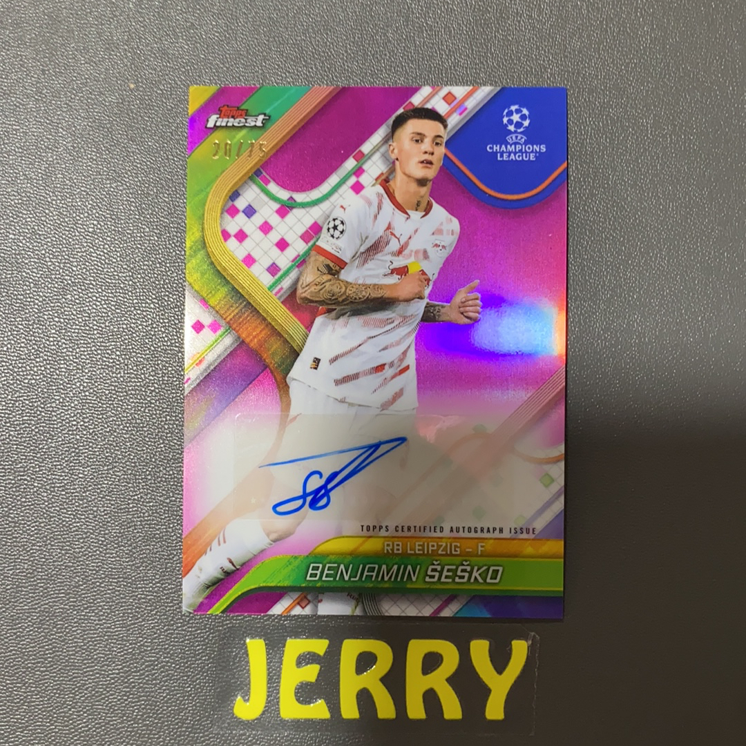 2024-25 Topps Finest Benjamin Šeško 欧冠 ft 莱比锡红牛 本杰明 塞斯科 赛斯科 20/75编 签字 粉折 品红折 签名 卡品如图【陈先生】
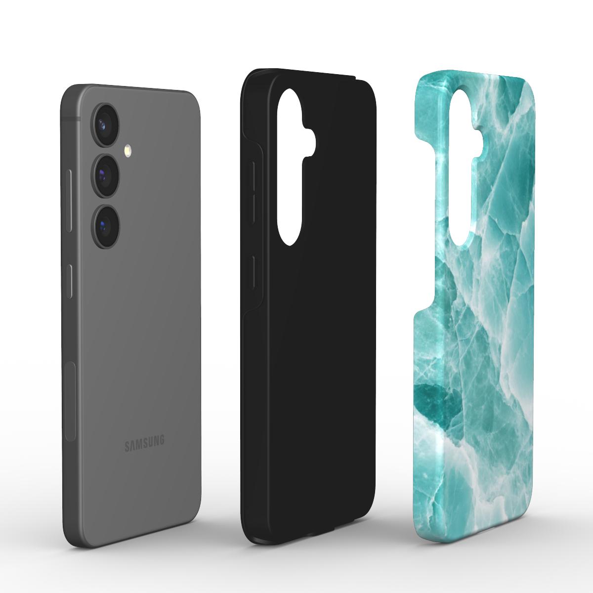 Diese elegante Handyhülle kombiniert stilvolles türkisfarbenes Marmor-Design mit robuster Dual-Layer-Technologie für maximalen Schutz. Die Kombination aus harter PC-Außenschale und stoßdämpfender TPU-Innenschicht schützt dein Smartphone zuverlässig vor Stößen, Kratzern und Stürzen – ohne klobig zu wirken. Die erhöhten Ränder bieten zusätzlichen Displayschutz.
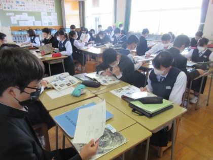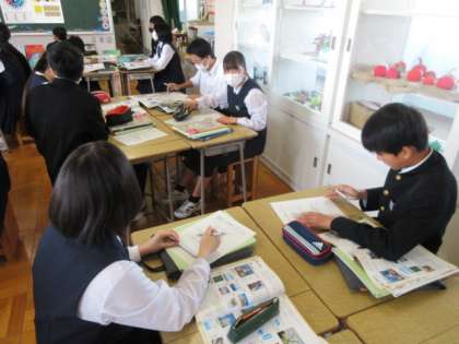 3年美術 一点透視図法について説明聞き、定規を使って作図に取り組みました。
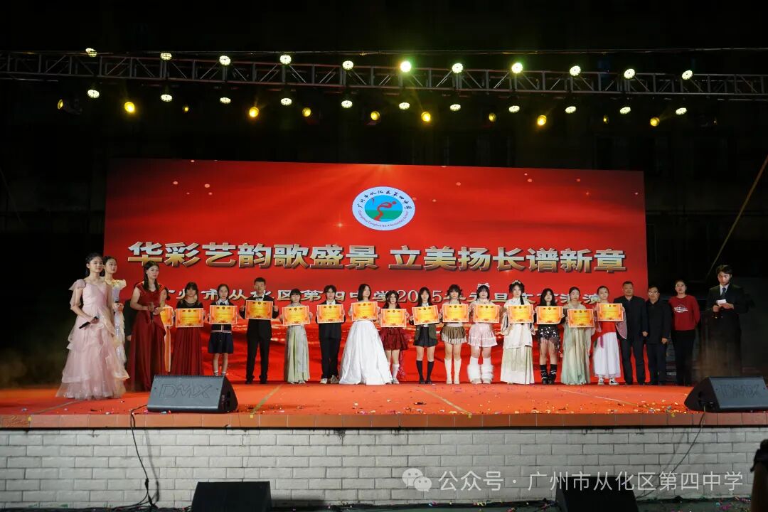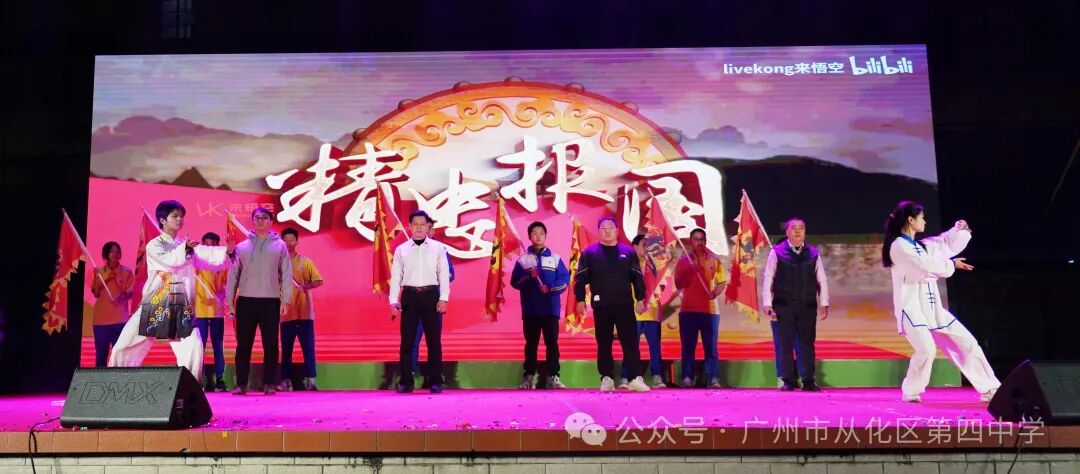 祥龙贺瑞辞旧岁,金蟒呈祥启新程。2024年12月26日晚上,在这辞旧迎新的美好时刻,我校元旦文艺汇演在篮球场盛大举行。全校师生欢聚一堂,用才艺展现青春,用热情迎接新年。广州市从化区教育局党组成员、总督学沈峻,广州市从化区街口街中心小学党支部书记、校长李武东以及从化四中全体师生和家委会代表参加了元旦文艺汇演。美扬
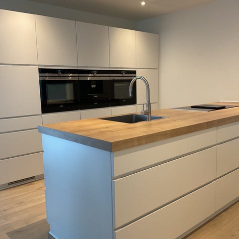 Kombi-ovn medfølger ikke, da den skal re-etableres i det nye køkken.
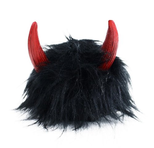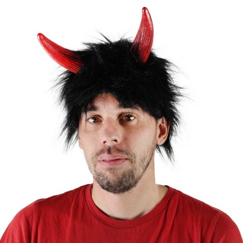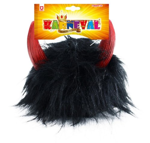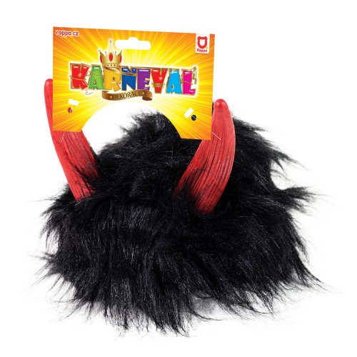 Karnevalová paruka v motivu čerta. Paruka má černé vlasy, krátkou ofinou a je dekorována čertími červenými růžky.
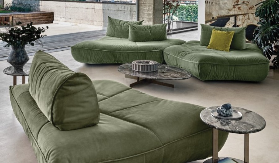 «Vous ne le verrez pas ailleurs, en tout cas pas pour l’instant», assure Eric Solovici, décorateur d’intérieur à La Conversion(VD). Grande tendance du Salon du meuble de Milan 2019, le nouveau concept de canapé amovible se décline au gré de nos envies de confort. Du modèle entrée de gamme chez Home Salons au coup de cœur de notre invité: le torride Night Fever dessiné par Giuseppe Vigano pour Arketipo Firenze. L’idée? Des éléments d’assise ou de couchage et des dossiers-coussins amovibles. «C’est un canapé qui sort de l’ordinaire en offrant des possibilités de configurations informelles et très conviviales.
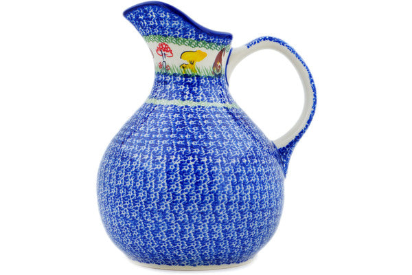 This Polish Pottery 83 oz Pitcher - Mushroom Garden is handmade and handpainted by the Ceramika Nina factory in Boleslawiec, Poland.
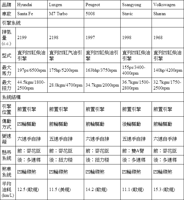 以標準七人座的MPV車型而論,其實Hyundai Santa Fe與Peugeot 5008都不算是標準格局的代表,但考量其納入百萬售價的範圍,仍值得於此次評比中高調現身。的確,以308車系底盤衍生的5008車型,正確而論,乃屬於與你我熟悉的Toyota Wish相同身型,嚴格而論應屬於「轎式休旅車款」,因此乘坐機能,屬於5+2的設定,所以在乘坐表現上,自然不如對手出色。雖然於此面向遭到扣分,但無庸置疑的,近年來Peugeot於車輛設計上的精緻與高級化,充分反映在5008的駕乘質感上,從動力充沛、源源不絕的2.0升柴油引擎開始,展現Peugeot多年來於柴油領域的領導地位外,更完美延續於308上便廣受好評的底盤調效,操控身手堪稱當天最為俐落的代表,饒富樂趣的演出,無從挑剔。

■ ■ ■ ■

> **ASSIGNED TASK**
Your answer is the exact run of lines above from the one with "3年美術 一点透視図法について説明聞き、定規を使って作図に取り組みました。" through the one with "Karnevalová paruka v", both ends included, minus any picture.

> **REPLY**
 3年美術 一点透視図法について説明聞き、定規を使って作図に取り組みました。
 祥龙贺瑞辞旧岁,金蟒呈祥启新程。2024年12月26日晚上,在这辞旧迎新的美好时刻,我校元旦文艺汇演在篮球场盛大举行。全校师生欢聚一堂,用才艺展现青春,用热情迎接新年。广州市从化区教育局党组成员、总督学沈峻,广州市从化区街口街中心小学党支部书记、校长李武东以及从化四中全体师生和家委会代表参加了元旦文艺汇演。美扬
 Kombi-ovn medfølger ikke, da den skal re-etableres i det nye køkken.
 Karnevalová paruka v motivu čerta. Paruka má černé vlasy, krátkou ofinou a je dekorována čertími červenými růžky.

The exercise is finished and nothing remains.